Work instructions: Working from the data below, write out exactly the lines from its first through the line that contains "Stellar (XLM) seems", both ends included and pictures omitted.

Data excerpts:
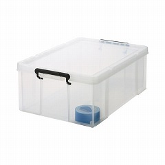 ロック式のフタ付きで丈夫な樹脂製ボックス。スタッキングもできて便利!キャスター(別売)を取り付ければ移動もラク!ロープを掛けられる溝がフタに付属。
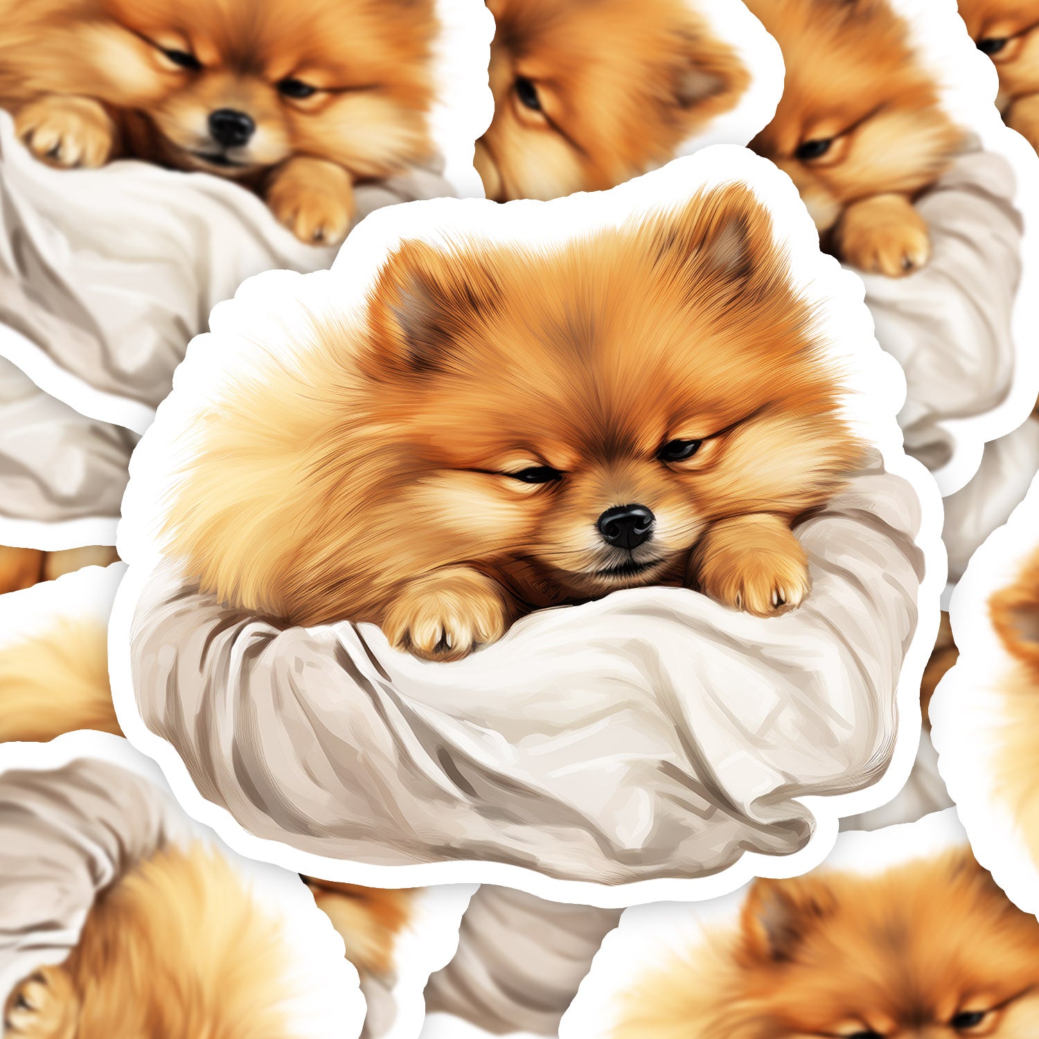 Set 5 bucati, Sticker decorativ, Pomeranian, Rezistent la apa, NO15461, 6 cm, Multicolor
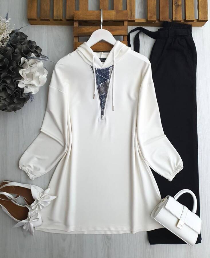 BUCE FERMUARLI KOT GARNİLİ TUNİK B1-2--5623-20-BEYAZ
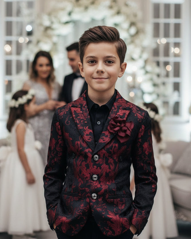 Boys Gold Jacquard Blazer – Tailored Formal Jacket for Weddings, Parties & Ceremony Wear (Ages 8–12)
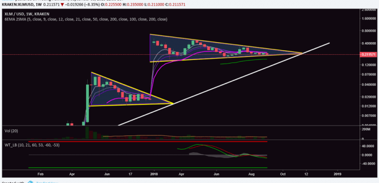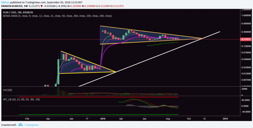 Stellar (XLM) seems to be at a stage where it is just waiting for the rest of the market to recover. The weekly chart above for XLM/USD shows that the price has already closed four candles below the 21 Week EMA and could now close the fifth candle below the 21 EMA as well. This means that Stellar (XLM) has had its correction and the price is now range bound, waiting for the rest of the market to recover. Stellar (XLM) has a history of consolidating candles on the weekly time frame before a break out occurs. This break out is very abrupt and aggressive in nature as we have seen in the past.
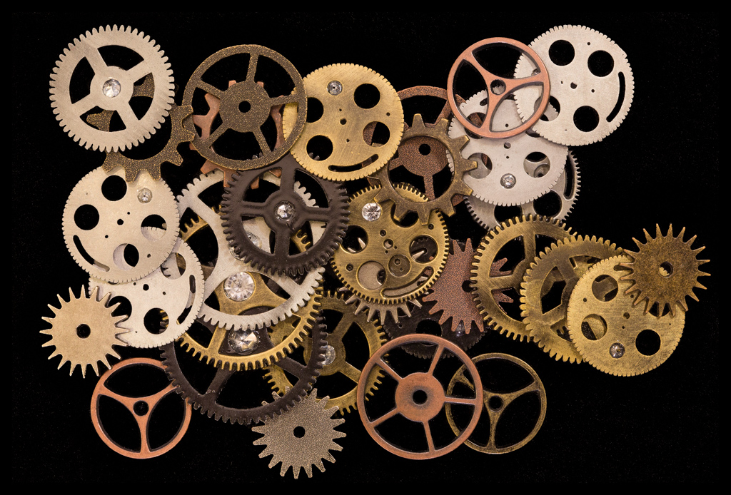 Carol, I'm having a tough time with this because I see some problems with your original image that I don't think can be overcome. The lighting has produced some blown-out reflections that I don't think you can recover with any post-processing technique. I think the lighting should have been softer and perhaps coming from different (lower) angles. I also think that the watch gears need to be arranged more neatly - there is too much chaos in the arrangement that you have here. I want to see the details in the gears, but the lighting and arrangement are not allowing me to do so. I attach an arrangement of gears that I photographed at a macro photo conference a few years ago - I cannot take credit for the arrangement that was done by someone else, but perhaps this can be used as an example of a more interesting way to do this, if you still have the watch gears. I think I used a diffuser to soften the overhead light that I had to work with. |
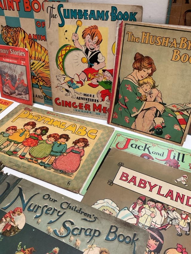 An Edwardian cotton scrapbook with cutouts of Queen Victoria, advertisements, fashion plates, Grave Darling, flowers, animals, etc.; and a collection of childrens books - Hush-a-Bye, Jack & Jill, Babyland, Betty & Babs, etc. (13)
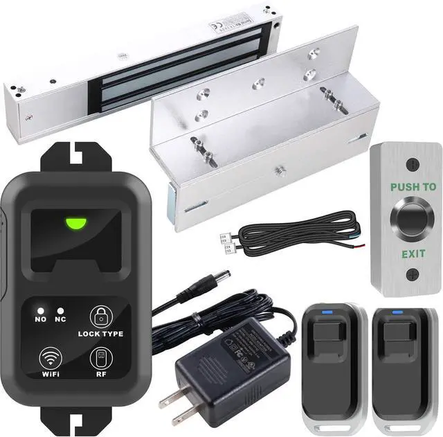 An exit button is included in this magnetic lock system kit, and you could exit from indoors easily by pushing it once.
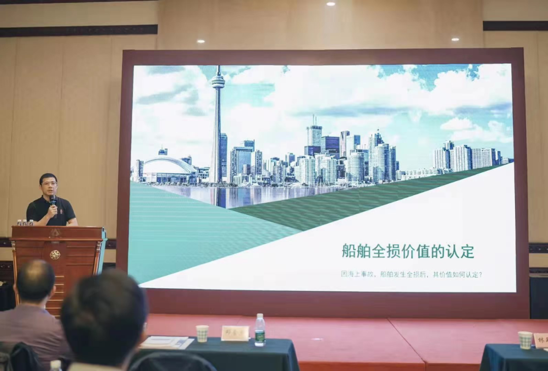 会议共有三个议题,第一个议题为“船舶全损价值的认定之案例指引和探讨”。厦门海事法院福州庭庭长邓金刚先生为大家分析了在最高人民法院《关于审理船舶碰撞和触碰案件财产损害赔偿的规定》第八条第一款规定实际操作难度大的情况之下,全国各地法院对于海上事故导致船舶发生全损后的司法裁判思路。最后,邓庭长结合自身实务经历分析了折旧计算法、评估计算法、举证证明法以及创新方法的思考。
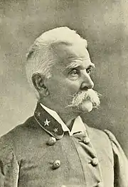 Munford was appointed to duty as a brigadier commander by Fitzhugh Lee on November 9, 1864, but, despite being described as a general in several sources, he was never officially commissioned and confirmed as a brigadier general.[2] He took command of Fitzhugh Lee's cavalry division late in the war with that general's promotion to cavalry corps commander.[3][4] and fought at Five Forks, High Bridge, and Sailor's Creek.[1] He led men away from the Army of Northern Virginia prior to General Robert E. Lee's surrender at Appomattox Court House and escaped with a goal of reaching North Carolina to link up with the army of General Joseph E. Johnston during the Carolinas Campaign.[5] However, hearing that Johnston had since surrendered, Munford dispersed his force after reaching Lynchburg, Virginia.[3][5]
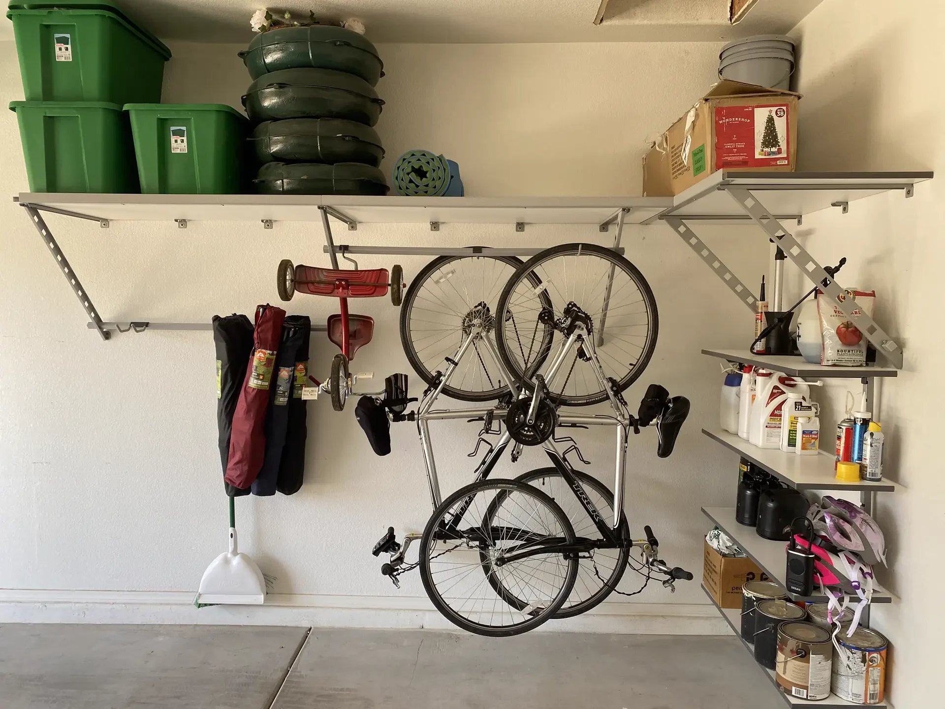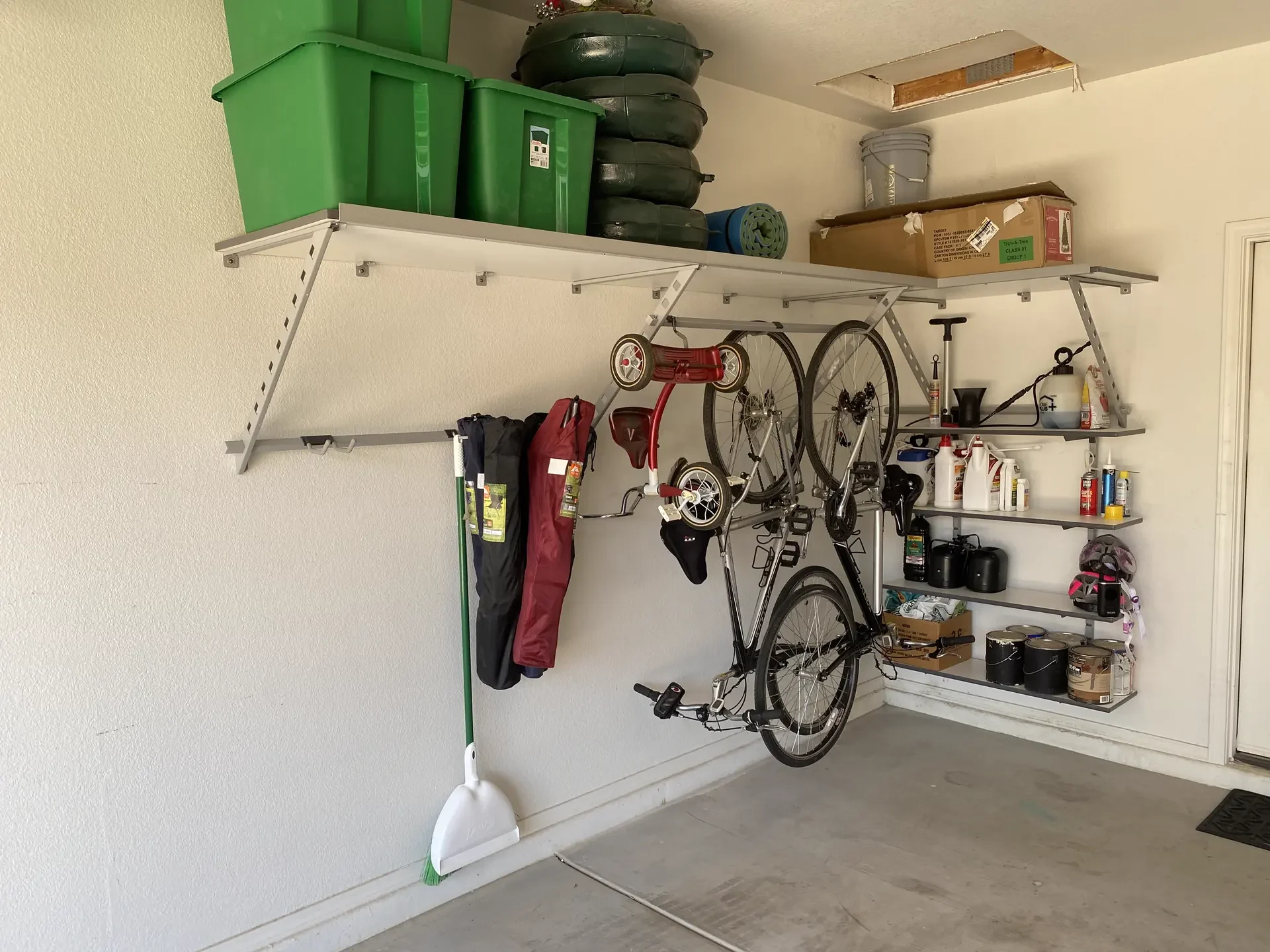 We started with our Monkey Bars shelf system, the backbone of vertical garage storage. These powder-coated steel shelves are built to handle serious weight and come equipped with a hanging bar underneath—perfect for layering storage and keeping the floor clear.
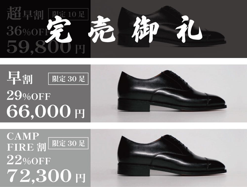 ★NEXTGOAL達成を前に、ご好評につき売り切れとなった【超早割】ストレートチップ駿府を3足限定で追加販売いたします。
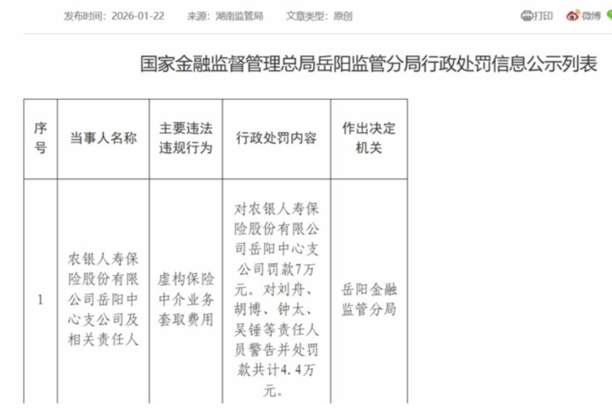 1月22日,农银人寿岳阳中心支公司因“虚构保险中介业务套取费用”,被国家金融监督管理总局岳阳监管分局罚款7万元。相关责任人刘舟、胡博、钟太、吴锤被警告并处罚款共计4.4万元。
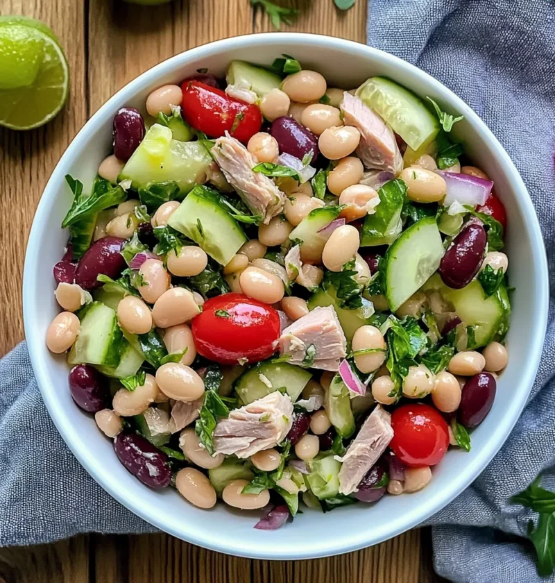 Der frische mediterrane Weiße-Bohnen- und Thunfisch-Salat ist eine gesunde, schnelle und leckere Mahlzeit, die Farbe, Geschmack und Nährwert perfekt kombiniert. Dank einfacher Zutaten, leichter Zubereitung und vielseitiger Anpassungsmöglichkeiten wird er schnell zum Favoriten für warme Tage oder gesunde Lunchboxen.
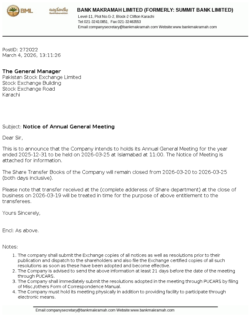 BML Annual General Meeting

Solution to this exercise:
 ロック式のフタ付きで丈夫な樹脂製ボックス。スタッキングもできて便利!キャスター(別売)を取り付ければ移動もラク!ロープを掛けられる溝がフタに付属。
 Set 5 bucati, Sticker decorativ, Pomeranian, Rezistent la apa, NO15461, 6 cm, Multicolor
 BUCE FERMUARLI KOT GARNİLİ TUNİK B1-2--5623-20-BEYAZ
 Boys Gold Jacquard Blazer – Tailored Formal Jacket for Weddings, Parties & Ceremony Wear (Ages 8–12)
 Stellar (XLM) seems to be at a stage where it is just waiting for the rest of the market to recover. The weekly chart above for XLM/USD shows that the price has already closed four candles below the 21 Week EMA and could now close the fifth candle below the 21 EMA as well. This means that Stellar (XLM) has had its correction and the price is now range bound, waiting for the rest of the market to recover. Stellar (XLM) has a history of consolidating candles on the weekly time frame before a break out occurs. This break out is very abrupt and aggressive in nature as we have seen in the past.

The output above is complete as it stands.